Over the years communication has trotted, sparked, broadcast and clicked across the country.
- American mail rode in on the Pony Express, tying the East to the Wild West.
- In January 1838, Samuel Morse demonstrated his telegraph for the first time. The invention – his single-wire telegraph – revolutionized communication worldwide, making it possible to send messages over great distances in just a few hours.
- President Franklin Roosevelt’s fireside chats became an iconic means to connect with the country during his administration.
- Even though Jimmy Carter’s campaign was the first to use email, it wasn’t until 1993 that President Bill Clinton became the first President in history to have a public email address. That same year, the White House launched its first website.
From there…well, I’m confident you can fill in the rest of the 140 characters. From lanterns to lunar phone calls, how Americans “heard the news” of triumph, hardship and everything in between shaped public opinion.

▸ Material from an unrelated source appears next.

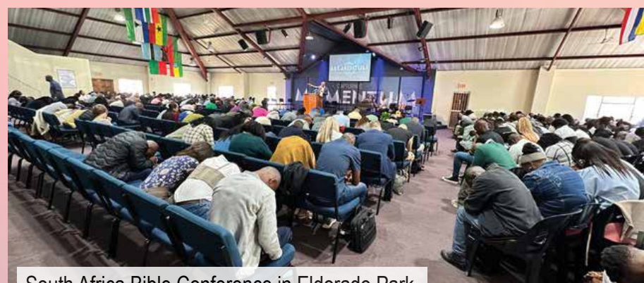
South Africa Bible Conference in Eldorado Park

We thank God and our Fellowship for imparting this vision and then in-

As technology and innovation propel us forward, this week we take a look back at where we’ve been – you’ve got mail!
📬
Patrick Madden
Executive Director
National Archives Foundation
P.S. – Join me and FDR Presidential Library Director Paul Sparrow on January 28 for a discussion of the 20th century’s most influential power couple. We will explore the impact of Franklin and Eleanor Roosevelt together and apart. Register here.
History-making Memos STOP
Morse’s telegraph was used to send any number of important messages, both personal and official. Morse sent the first official one in the United States from just outside the Supreme Court Chamber in the Capitol building on May 24, 1844: “What hath God wrought?”
During the Civil War, Abraham Lincoln used the telegraph to communicate with his generals. When the city of Savannah, Georgia, surrendered to General William Tecumseh Sherman, he sent the commander-in-chief a telegraph stating: “I beg to present you, as a Christmas gift, the city of Savannah, with 150 heavy guns and plenty of ammunition, and also about 25,000 bales of cotton.”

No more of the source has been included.